Home-page: https://github.com/ms8909/mltrons-auto-data-prep
Author: Muddassar Sharif
Author-email: ms8909@nyu.edu
License: UNKNOWN
Platform: UNKNOWN
Classifier: Programming Language :: Python :: 3
Classifier: License :: OSI Approved :: MIT License
Classifier: Operating System :: OS Independent
Description-Content-Type: text/markdown
Requires-Dist: numpy (==1.16.4)
Requires-Dist: boto3 (==1.9.238)
Requires-Dist: pandas (==0.24.2)
Requires-Dist: nltk (==3.4.4)
Requires-Dist: scipy (==1.2.1)
Requires-Dist: datawig (==0.1.10)
Requires-Dist: python-dateutil (==2.8.1)

# mltrons-auto-data-prep :Tool-kit that automates Data Preparation

## What is it?

**Mltrons-auto-data-prep** is a Python package providing flexible and automated way of 
data preparation in any size of the raw data.It uses **Machine Learning** and **Deep Leaning**
techniques with the **pyspark** back-end architecture to clean and prepare TBs of data on clusters at scale.


## Main Features
Here are just a few of the things that **Mltrons-auto-data-prep** does well:

- Data Can be read from multiple Sources such as **S3 bucket** or **Local PC**

- Handle Any size of data even in Tbs using **Py-spark**

- Filter out **Features** with Null values more than the threshold

- Filter out **Features** with same value for all rows

- Automatically detects the data type of features

- Automatically detects datetime features and split in multiple usefull features

- Automatically detects features containing **URLs** and remove duplications

- Automatically detects **Skewed** features and minimize skewness



## Where to get it
The source code is currently hosted on **GitHub** at:
https://github.com/ms8909/mltrons-auto-data-prep

The **pypi** project is at :
https://pypi.org/project/mltronsAutoDataPrep/

## How to install Java 8 (only supported by pyspark)
### In Mac Os
In your terminal, write:

**1. brew cask install adoptopenjdk/openjdk/adoptopenjdk8**

Now, you need to set java8 as your default version.

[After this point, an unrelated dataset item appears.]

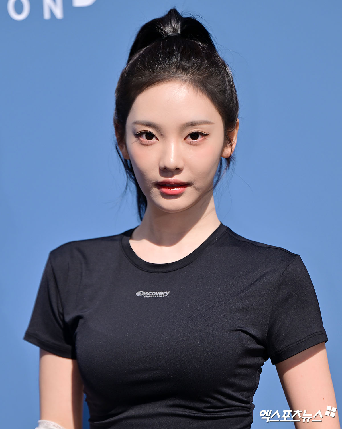 이날 행사에 참석한 에스파 닝닝이 포즈를 취하고 있다.

To do this:
First run 

**2. /usr/libexec/java_home -V**

which will output something like the following:
Matching Java Virtual Machines (3):
```
1.8.0_05, x86_64:   "Java SE 8" /Library/Java/JavaVirtualMachines/jdk1.8.0_05.jdk/Contents/Home
1.6.0_65-b14-462, x86_64:   "Java SE 6" /System/Library/Java/JavaVirtualMachines/1.6.0.jdk/Contents/Home
1.6.0_65-b14-462, i386: "Java SE 6" /System/Library/Java/JavaVirtualMachines/1.6.0.jdk/Contents/Home
/Library/Java/JavaVirtualMachines/jdk1.8.0_05.jdk/Contents/Home
```

Pick the version you want to be the default (i.e 1.6.0_65-b14-462) then:

**3. export JAVA_HOME=/usr/libexec/java_home -v 1.8**

### In Windows Os

It's important that you replace all the paths that include the folder "Program Files" or "Program Files (x86)" as explained below to avoid future problems when running Spark.
If you have Java already installed, you still need to fix the JAVA_HOME and PATH variables

**1. Replace "Program Files" with "Progra~1"**

**2. Replace "Program Files (x86)" with "Progra~2"**

```
Example: "C:\Program FIles\Java\jdk1.8.0_161" --> "C:\Progra~1\Java\jdk1.8.0_161"
```
Before you start make sure you have Java 8 installed and the environment variables correctly defined1:

**3. Download Java JDK 8 from [Java's official website](https://www.oracle.com/technetwork/java/javase/downloads/jdk8-downloads-2133151.html)**

Set the following environment variables:

**4. JAVA_HOME = C:\Progra~1\Java\jdk1.8.0_161**

**5. PATH += C:\Progra~1\Java\jdk1.8.0_161\bin**


## How to install

```sh
pip install mltronsAutoDataPrep
```

## Dependencies
- [Java 8](https://www.oracle.com/technetwork/java/javase/downloads/jdk8-downloads-2133151.html)
- [PySpark](https://spark.apache.org/docs/latest/api/python/index.html)
- [NumPy](https://www.numpy.org)
- [pandas](https://pandas.pydata.org)
- [python-dateutil](https://labix.org/python-dateutil) 
- [pytz](https://pythonhosted.org/pytz)
- see full list of dependicies [here](https://github.com/ms8909/mltrons-auto-data-prep/blob/master/requirements.txt)

## How to use 


### 1. Reading data functions

- **address** to give the path of the file

- **local** to give the file exist on local pc or s3 bucket

- **file_format** to give the format of the file (csv,excel,parquet)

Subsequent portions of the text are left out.